Good vibrations at the VFW

Opening band Arbitration playing

The Walpole Veterans of Foreign Wars, next to Johnson Middle School on Robbins Road, would seem like a typical place for the men who have fought overseas to gather. Every few weeks, though, it is Walpole’s teen community who congregate there instead. The venue is opened every month or so on weekend nights for local adolescents to play and enjoy music, costing only $5 per person for three and a half hours of entertainment. The organization that has set up these events is P.A.P.’s Booking and Promotion, run by seniors Anthony Earabino, Patrick Maloney, and Pete Dugdale. Preceding shows had the ska band Survey Says as the main attraction, coming up from their native New Jersey and asking only for gas money in return. They received positive reception for their original songs and a cover of “Friday” by Rebecca Black. A few students could be seen walking the halls the following Monday wearing their signed “Survey Says” t-shirts. The most recent show was Saturday, February 4, with five bands having played from 7-10:30 p.m.

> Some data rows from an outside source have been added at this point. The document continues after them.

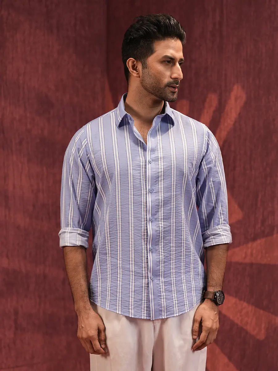 Introducing our Men's Sky Blue Striped Casual Shirt, a must-have for men who value both style and comfort. Crafted from 100% premium cotton, this shirt is soft, breathable, and perfect for all-day wear. Its vertical white stripe pattern on a soothing sky blue base adds a touch of freshness, making it ideal for casual outings, summer gatherings, or semi-formal events. With a regular fit, full sleeves (that can be rolled up for a laid-back look), and a button-down front, this versatile piece pairs effortlessly with chinos, jeans, or shorts.
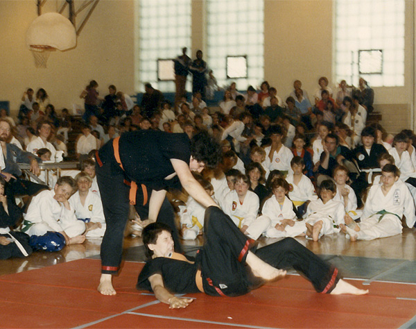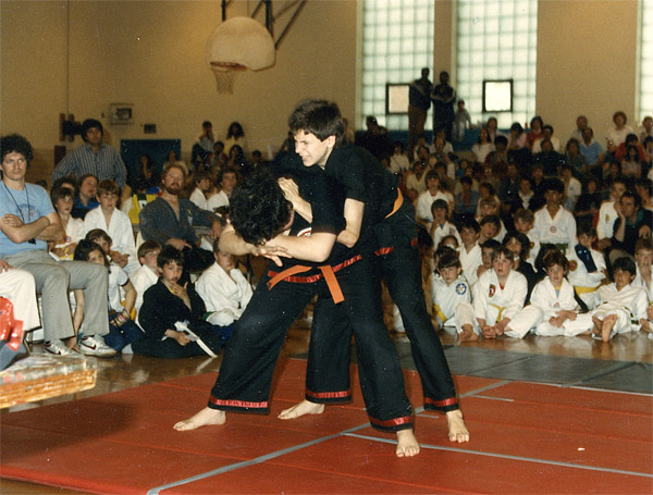 In April of 85 we entered a tournament and did this totally kick-ass fighting demo. Here, Tim is unwise enough to throw a full-nelson on me, which was NOT going to work for two reasons: 1) you can’t hold a big lard ass in a full-nelson, and 2) you don’t put a grappling move on a total pro wrestling mark, ‘cuz if you do…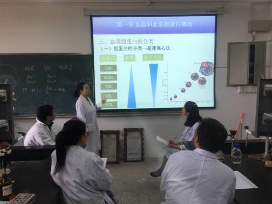 为提高青年教师教学能力,4月17日中午本教研室教师王映霜对《临床生化检验》课程以《血浆脂代谢紊乱的生化检验》这一章节为例进行了试讲。老师们认为本次试讲教案准备充分,教学设计合理,讲授清晰,应能达到预期教学目标。同时在重难点把握,如何进行课堂组织,ppt制作等方面大家也提出了相关的意见和建议。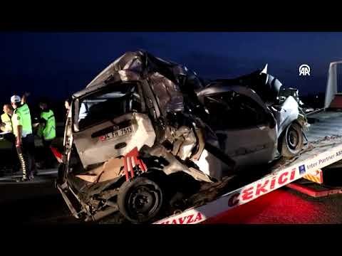 Samsun'da hafif ticari araç, tır ve kamyonun arasında kaldı, 2 kişi yaralandı

There was a crowd of around 80 that mustered inside upon hearing the host introducing the opening band Arbitration, which includes seniors Zach Ganshirt and Pete Dugdale. For the rest of the night, the VFW was dark, sultry, and loud with distorted guitars, pounding drums, and unintelligible vocals. Arbitration, the metal band Gaia, and the hardcore bands Traveler and In Depths & Tides performed well, albeit some were better than others, like Gaia compared to Traveler. They did not need to play well, though, because all that the bands were trying to do was to have their anger resonate with the crowd. It can be seen that the crowd is riled up when they start moshing, dancing with flailing limbs as if meant to hit someone. Between sets, the swarm of people would go outside to escape the humidity and cool off as the next band gets ready and warms up. It was not until 10 or so until the head lining band, Lydia Ayer, was set up and ready to go.

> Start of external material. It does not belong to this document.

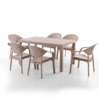 Bamboo 6 Kişilik Rattan Masa Sandalye Takımı Cappuccino

Lydia Ayer had been sitting at their post all night selling shirts and EPs and practicing to play top-quality work, and perfection they made. By the time Lydia Ayer got on stage, most of the array of people had retired for the night, but it was at this time that the energy was at its highest. Since there was a lack of people, there was a more of an area for moshing. That and the fact that Lydia Ayer put on a great show with strong, although unclear, vocals; high-energy music; and a kind attitude toward the crowd—seen when they would not play unless one person, who was trying to pick fights with others, left.  When asked about Lydia Ayer’s performance on Saturday, junior Andrew Single said,”They were by far the most together band at that show, but they also really held up to most of the other ‘professional’ shows that I’ve seen recently.  Definitely when people hear ‘local music’, they think it’s some two-bit high school band, but this was something that the music scene should really pride themselves in.”